On Wed, Apr 19, 2017 at 12:02 PM, Florian Weimer <fweimer@redhat.com> wrote:
On 04/19/2017 08:35 PM, H.J. Lu wrote:
dl_platform and dl_hwcap are set from AT_PLATFORM and AT_HWCAP very
early during startup. They are used by dynamic linker to determine
platform and build an array of hardware capability names, which are
added to search path when loading shared object. dl_platform and
dl_hwcap are unused on x86-64. On i386, i386, i486, i586 and i686
platforms were supported and only SSE2 capability was used.
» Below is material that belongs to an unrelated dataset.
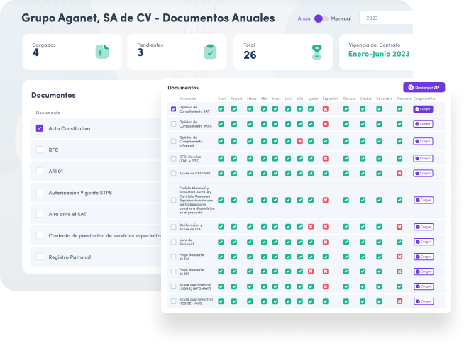 SmartRep te ofrece un panel de control 100% enfocado a cumplimiento, para que de manera rápida puedas visualizar el estado de la documentación, alertas y porcentajes de validación.
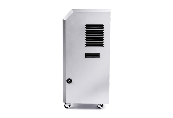 商用除湿机通过风机将潮湿空气抽入机器内部,通过压缩机制冷将蒸发器降温至露点以下,潮湿空气经过蒸发器在表面凝结成水,汇集至接水盘后,流入水箱中,干爽空气经冷凝器重新加热由出风口排出,这样不断循环将室内湿度降低。

I don't know where you want to take this, so it's hard to tell if this is
going to cause problems eventually. GLRO is default-initialized in a nested
libc (after dlmopen or static dlopen).
dl_platform and dl_hwcap are used to search for additional directories when
loading a shared object:
15453: find library=libx.so [0]; searching
15453: search path=./tls/x86_64:./tls:./x86_64:. (RPATH from file ./m)
15453: trying file=./tls/x86_64/libx.so
15453: trying file=./tls/libx.so
15453: trying file=./x86_64/libx.so
15453: trying file=./libx.so
15453:
My change updates them inside dynamic linker before they are used
by dynamic linker. On Haswell class machines, I got
19268: find library=libx.so [0]; searching
19268: search path=./tls/haswell:./tls:./haswell:. (RPATH from file ./m)
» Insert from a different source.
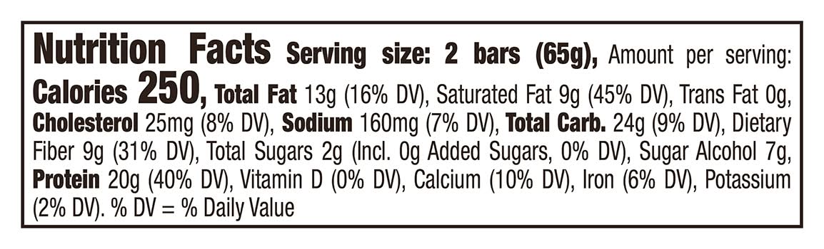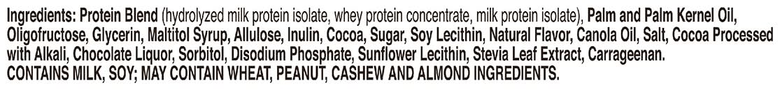 Ingredients: Protein Blend (Hydrolyzed Milk Protein Isolate, Whey Protein Concentrate, Milk Protein Isolate), Palm and Palm Kernel Oil, Oligofructose, Glycerin, Maltitol Syrup, Allulose, Inulin, Cocoa, Sugar, Soy Lecithin, Natural Flavor, Canola Oil, Salt, Cocoa Processed with Alkali, Chocolate Liquor, Sorbitol, Disodium Phosphate, Sunflower Lecithin, Stevia Leaf Extract, Carrageenan Contains: Milk, Soybeans, Wheat, Peanuts, Tree Nuts, Cashews, Tree Nuts, Almonds

19268: trying file=./tls/haswell/libx.so
19268: trying file=./tls/libx.so
19268: trying file=./haswell/libx.so
When loading libx.so, it prefers the one in the "haswell" subdirectory.
One can place shared libraries optimized for Haswell class processors
under the "haswell" subdirectory. They will be used on Haswell class
processors. It has no impact on static dlopen nor nested libc.